On the first weekend I used the last chance to do some hanami, before most blossoms have fallen from the cherry trees.
In the first half of the day I visited the southern Higashiyama region, all the way from Kiyomizu-dera to Heian-jingu. In the afternoon I went shopping in Shijo-Kawaramachi.
Thanks to the convenient location of my accommodation I can reach many places without trouble, especially in the East. With the bus I made a short trip south to Gojozaka, from where I climbed Chawanzaka towards Kiyomizu-dera.
Here is a recommendation for your next visit: Before reaching the top, there is a small path branching off on the left side. It is also marked with a map. Look out for it and climb up the shallow path called Asahizaka and you will find a lovely café with a breathtaking view over Kyoto. Especially at this time when the cherry tree in the garden is in its best shape I recommend to visit this place. It was not crowded and I could get a table near the window. With a matcha and wagashi set I enjoyed the moment for a while.
In general, it was not very busy in Kyoto for a Sunday with good weather. Especially compared with pre-pandemic, the contrast is enormous. It still can get busy near sightseeing spots and at narrow streets, but otherwise it is very pleasant to explore Kyoto at the moment.
Next I took a look at Kiyomizu-dera, the arguably most famous temple in all of Kyoto and a must-see attraction. Last time I visited the big wooden terrace was renovated; now they’re finished and it looks gorgeous.
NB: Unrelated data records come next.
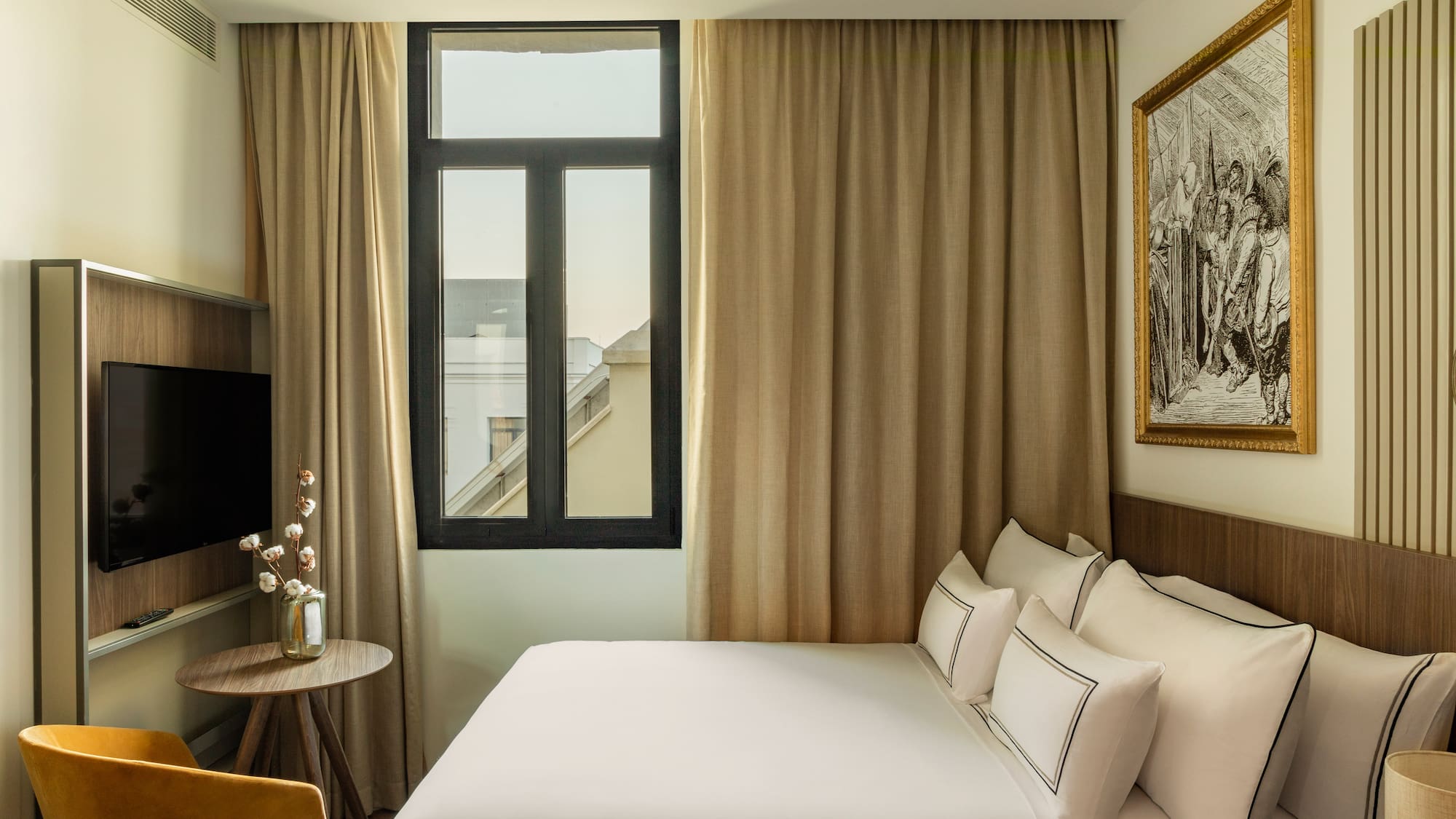 Bewundern Sie Madrid aus einem Zimmer voller Kunst und Raffinesse. Inspiriert von der kulturellen Essenz des Barrio de las Letras, kombiniert es hochwertige Materialien und einzigartige Details mit einem Blick auf die Stadt, um maximalen Komfort zu gewährleisten.
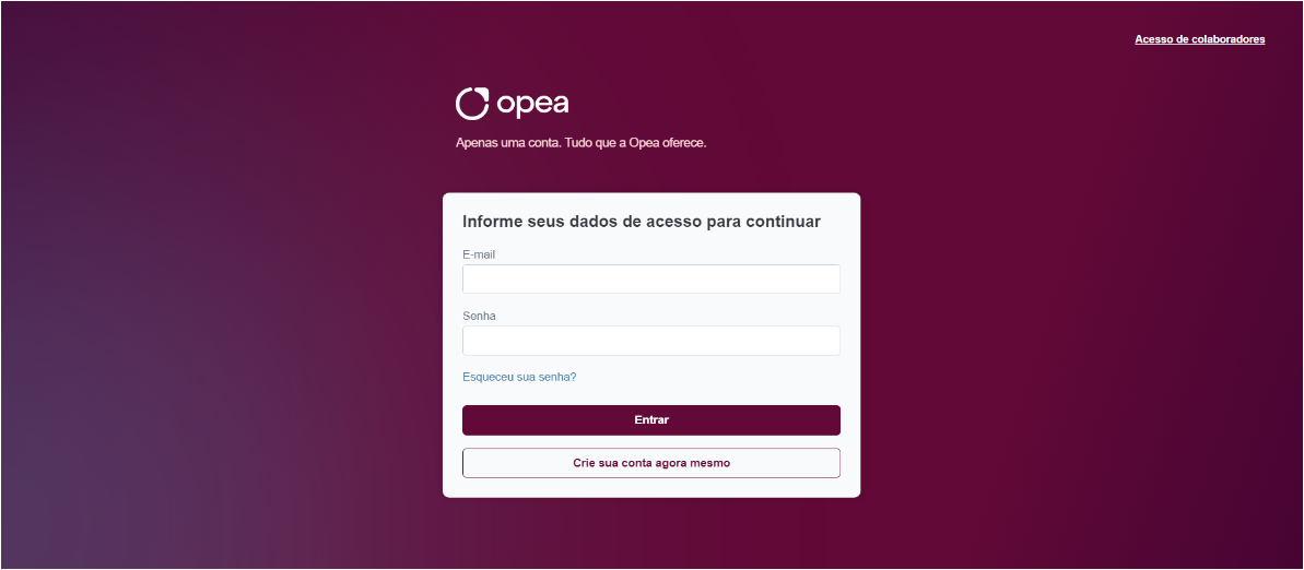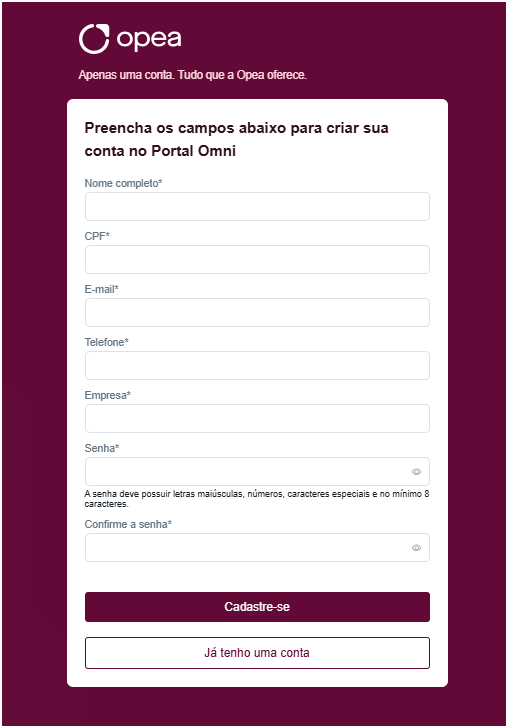 Em caso de dúvidas e/ou dificuldades técnicas com a criação da conta, solicitamos que envie um e-mail para omni@opea.com.br
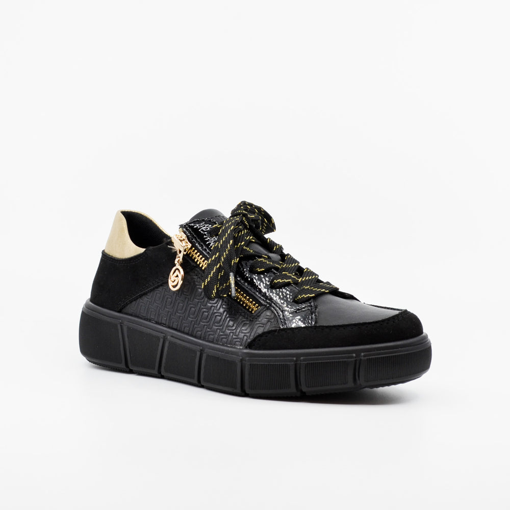 A fashionable black leather sneaker with gold accents. Featuring a convenient side zip opening, adjustable cotton lace fastening, removable insole, rounded toe and comfort sole. Wear with skirts, dresses or pants with ease. European sizing. Leather upper, leather & material lining, rubber sole. Flat heel.
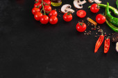 widok z góry czarny niegotowane spaghetti z przyprawami i ziołami na czarnym tle. widok z góry.
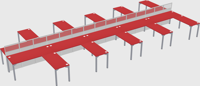 Prism Red Shared L-shaped Office Desk For 10 Persons
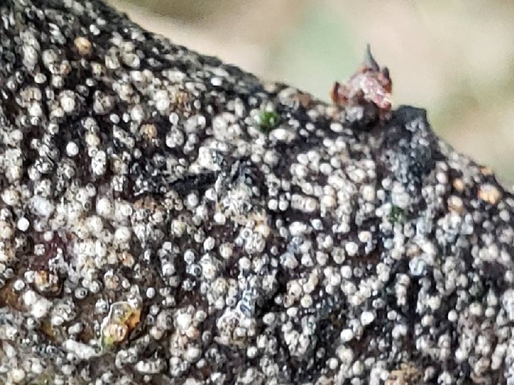 Dallar üzerinde gri-siyah kabuklar hâlinde yoğun bir görünüm alır.

Afterwards I followed the classical route along Ninenzaka And Sannenzaka towards Yasaka-jinja. On the way I enjoyed a cold pickled cucumber (totally different from the Western version) – just the right thing on a hot day.
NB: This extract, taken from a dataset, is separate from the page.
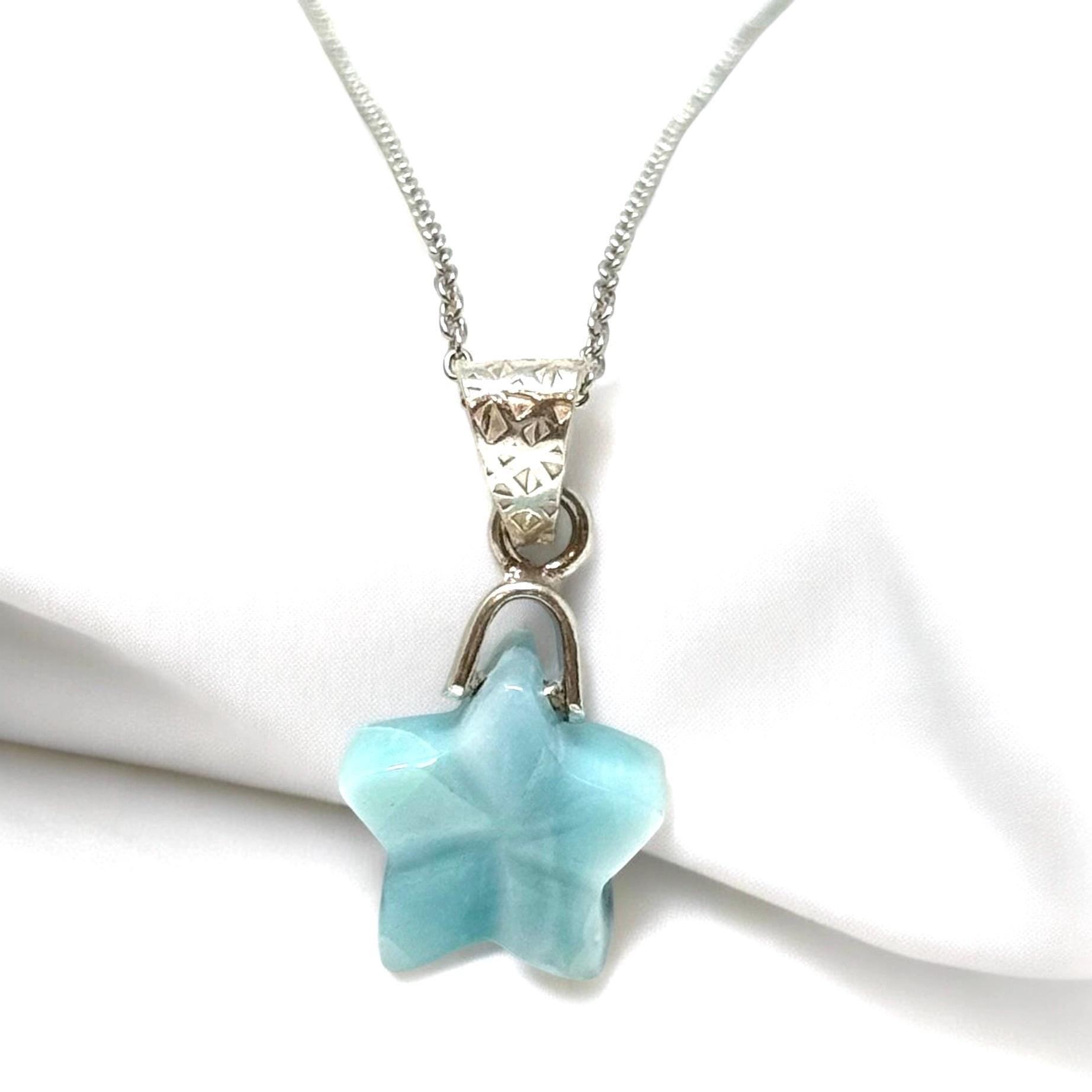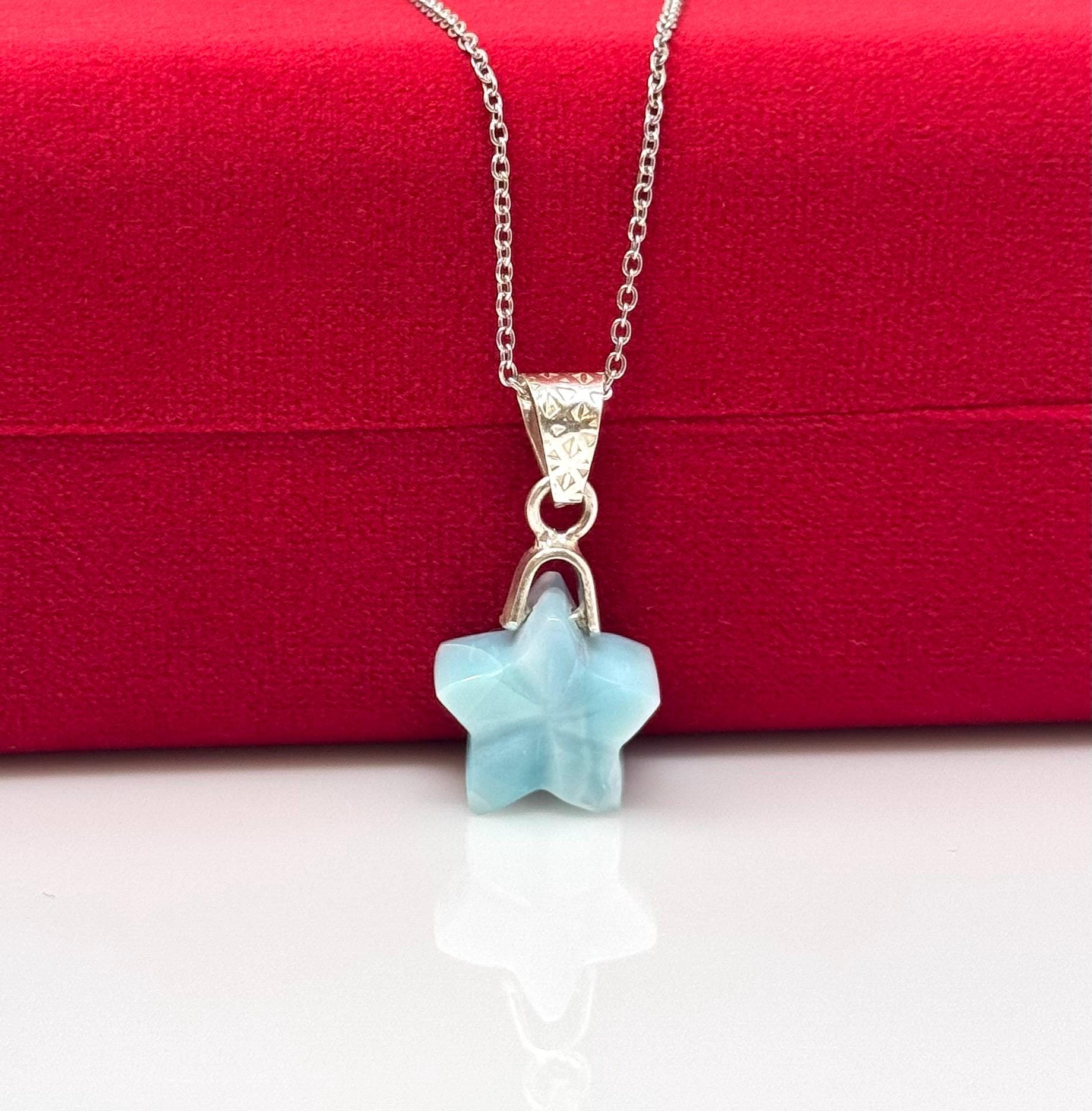 Natural Larimar Gemstone Necklace, Healing Stone, Silver Star Dominican Republic Larimar Jewelry Gifts, 1.25”x0.60”

Adjacent to Yasaka-shrine lies Maruyama park, a nice public park with a small river and one particularly old cherry tree. There one can also have a bite at various food stalls (maybe only on the weekend).
Further going north I arrived at the Okazaki canal which is also lined with cherry trees. Right behind is Heian-jingu, another famous shrine of Kyoto. After stepping through the impressive torii I arrived in the vast courtyard. I still remember well coming here in February 2022 for the Setsubun celebration.
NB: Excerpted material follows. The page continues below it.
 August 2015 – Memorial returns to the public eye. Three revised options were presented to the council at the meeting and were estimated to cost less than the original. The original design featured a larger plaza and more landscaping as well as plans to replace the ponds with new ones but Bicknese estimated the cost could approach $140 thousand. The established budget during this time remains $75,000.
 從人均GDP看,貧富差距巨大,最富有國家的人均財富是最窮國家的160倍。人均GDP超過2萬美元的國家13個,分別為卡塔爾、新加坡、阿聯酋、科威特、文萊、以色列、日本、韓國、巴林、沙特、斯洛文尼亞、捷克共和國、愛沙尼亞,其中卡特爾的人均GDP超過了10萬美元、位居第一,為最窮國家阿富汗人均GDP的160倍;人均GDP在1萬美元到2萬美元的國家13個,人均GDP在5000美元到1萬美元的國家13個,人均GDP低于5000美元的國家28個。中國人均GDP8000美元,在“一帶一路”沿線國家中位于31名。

The main attraction of the shrine is slightly hidden. On the left one can enter the garden that spreads out far beyond the visible premise. The cherries there were especially beautiful and I am sure the garden will also be beautiful in other seasons.
After the long walk I rested at home for a bit, then followed the small Okazaki Shirokawa down to Gion. On the way I found a wagashi shop where I could buy my favorite Sakura mochi.
In Gion I did not do that much exploring in the end, but focused more on shopping. I will come back on another day to explore the area.